“It’s optimistic and easy, while stretching the range more to give people all types of solutions for whatever may come,” designer Phillip Lim said of his pre-fall collection. “I always think about transitions as a time to experiment, but experimentation comes also with clothes or ideas that are more rooted in uniforms and classics.”
Picking up where he left off from spring, Lim’s pre-fall collection equally offers versatility and thoughtful details with a balance between loosely structured utility and hyper femininity.

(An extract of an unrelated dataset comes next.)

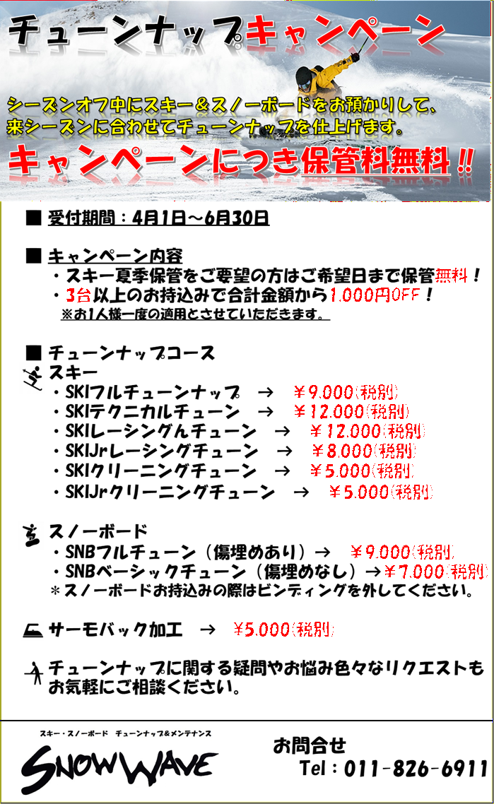 SNOW WAVEはスキー・スノーボードのチューンナップショップです。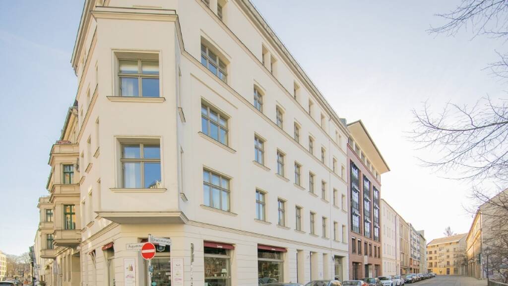 This unique maisonette flat is situated in Berlin Mitte, right on the Gipsdreieck at the corner building on Joachimstraße and Auguststraße, on the 4th and 5th floors of the rear building.

Pieces touched on messages of playful, sexy, cool ease while offering realistic wearability for myriad occasions through convertible, mix and match and pre-styled silhouettes. For instance, a little white one-shouldered cocktail dress in deadstock heavy crepe with elongated neck-tie bow or his take on the three-piece suit: a men’s wear vest with set-in cropped bra and kick-flare trouser. Knitwear, another strong aspect of the collection, offered the same appeal — “mushy” rib flare pants and tops, a hand melano camisole with engineered knit lace, or zip-front halter that alluded to a deconstructed cardigan.
Lim’s messaging of transition was synonymous throughout in layered looks (a buttercream cotton and recycled polyester trenchcoat layered over head-to-toe knits) as well as the individual garments themselves. For instance, feminine wardrobe staples with utilitarian flair, like convertible poplin dresses, organic natural denim miniskirts, a new tie-dyed broderie anglaise camp shirt and utility skirt, or playful chunky sandals, boots and colorful mini bags.
“Thinking about the ever-changing and evolving world we live in and responding to that without knowing the story or situation that will last more than two months,” he explained, further emphasizing the collection’s strength in offering real clothes for today’s ever-changing reality.